Ей овладела неловкость. Отдернуть руку? Снова сесть? Или все же выйти? Посмотреть в его глаза или лучше не стоит? Она ведь не сможет развидеть то, что в них найдет, и это способно раз и навсегда порушить то хрупкое перемирие, которое воцарилось между ними. Но он не убирает пальцы, они все там же, на тонкой выпуклой венке, а значит, он чувствует, как тревожно толкает сердце кровь. Шу-шух, шу-шух Даже в ушах стучит. А пальцы все там же, словно он понимает, что с ней творится, и не собирается это прекращать. Нет, искушение слишком велико

Ника повернула голову, моргнула для верности и решилась взглянуть в его лицо. И замерла. Ни обычной издевки, не снисходительности, ни раздражения. Паша казался растерянным и беззащитным. Смотрел снизу вверх, словно находился в ее власти и с надеждой ждал какого-то решения. И она не знала, как поступить.

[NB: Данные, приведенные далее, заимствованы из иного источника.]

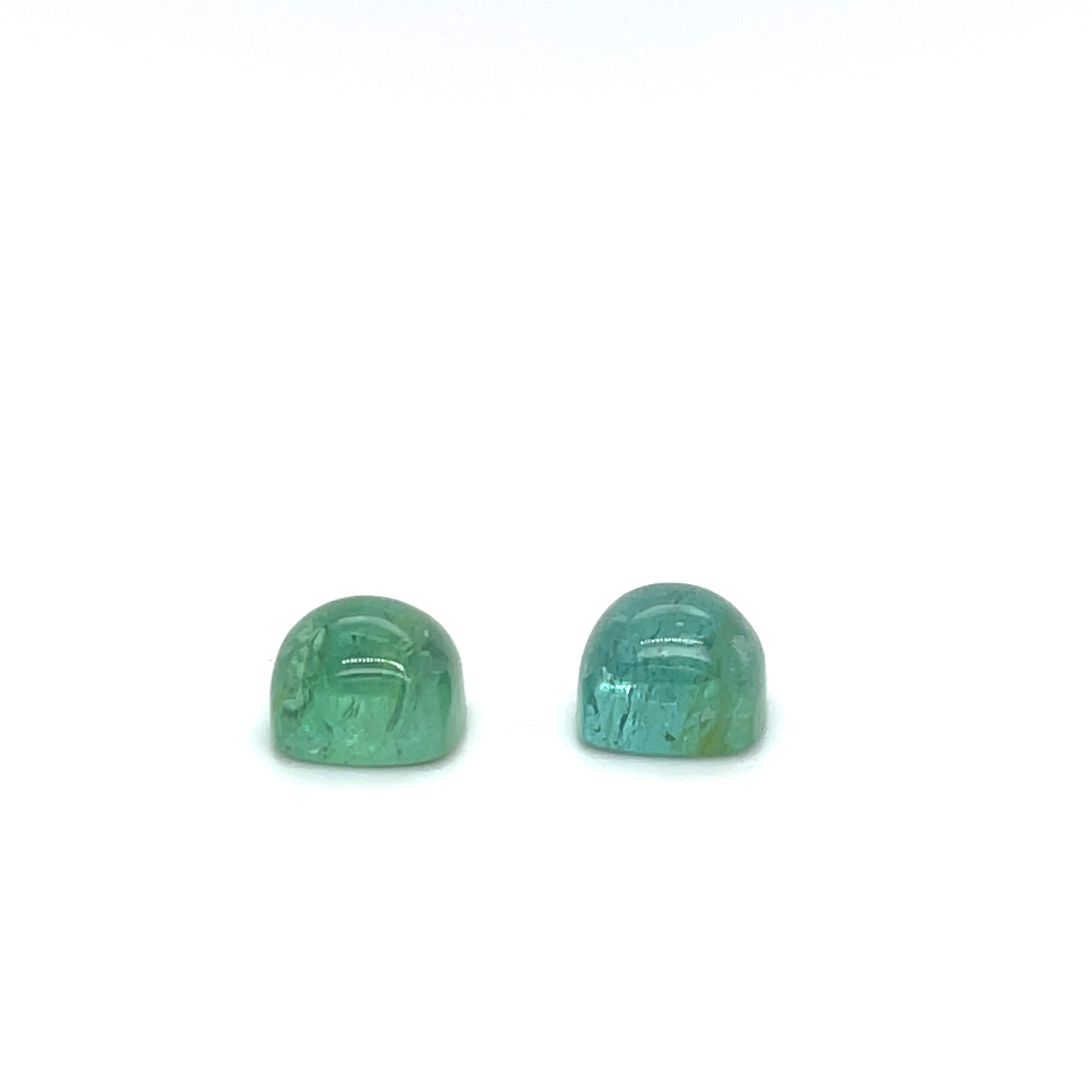 Een paartje toermalijnen van 9mm in een antik cabochon slijpsel. De toermalijnen zijn groen met een vleugje blauw erdoor heen.

Ноги подвели ее, колени задрожали, заставив обессилено опуститься на диван. Ни за что в жизни она не могла предположить, что прикосновение Исаева произведет на нее такой сокрушительный эффект. Ей захотелось самой дотронуться до него, убедиться, что все происходит наяву. Вытрясти из него клятву, что он не собирается потом смеяться над ней.

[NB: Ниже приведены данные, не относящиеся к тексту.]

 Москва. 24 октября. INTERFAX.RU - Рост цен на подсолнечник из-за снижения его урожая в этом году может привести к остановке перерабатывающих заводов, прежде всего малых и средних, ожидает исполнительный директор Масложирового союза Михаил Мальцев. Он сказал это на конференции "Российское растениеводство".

Ее тянуло к нему, но в то же время отталкивало. Она боялась, что он вдруг снова презрительно вскинет бровь и скажет что-то вроде «Карташова, возьми себя в руки!» И после этого она никогда не сможет взглянуть ему в глаза.

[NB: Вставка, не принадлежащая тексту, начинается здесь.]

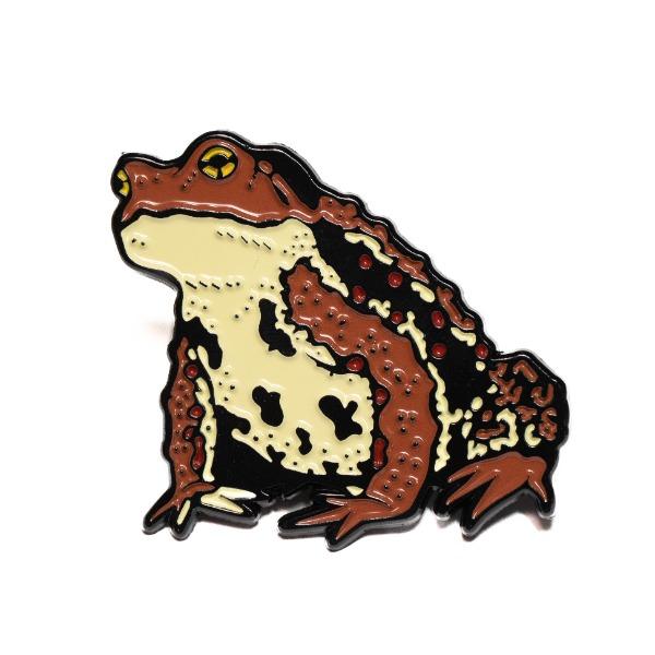 東日本に自然分布するどっしりした身近なカエル、アズマヒキガエルのピンブローチです。

 С слушай, я правда не собирался обидеть тебя или что-то вроде этого,  его сбивчивый шепот в этой тишине оглушал, пробирался под кожу и будоражил.

Казалось, если сейчас, вот в сию же секунду что-то не произойдет, Ника потеряет сознание. Ожидание стало невыносимым, она должна была сделать или сказать что-то А мозг отказывался работать нормально, выдавая вместо сигналов конечностям помехи и шум дождя.

 Все в порядке,  выдавила она и неуклюже хлопнула его свободной рукой по плечу.

Хлопок вышел странным, нелепым, и что самое ужасное, ее ладонь наткнулась на крепкое сильное плечо, в которое так и хотелось вцепиться всеми пальцами и потянуть на себя.

Паша нервно сглотнул и стал похож на человека, которому вкололи серьезную дозу транквилизатора. Рот приоткрылся, осоловевший взгляд пополз вниз от ее глаз к губам, шее, ключице, и она будто чувствовала на себе его прикосновения. От волнения даже шов заныл.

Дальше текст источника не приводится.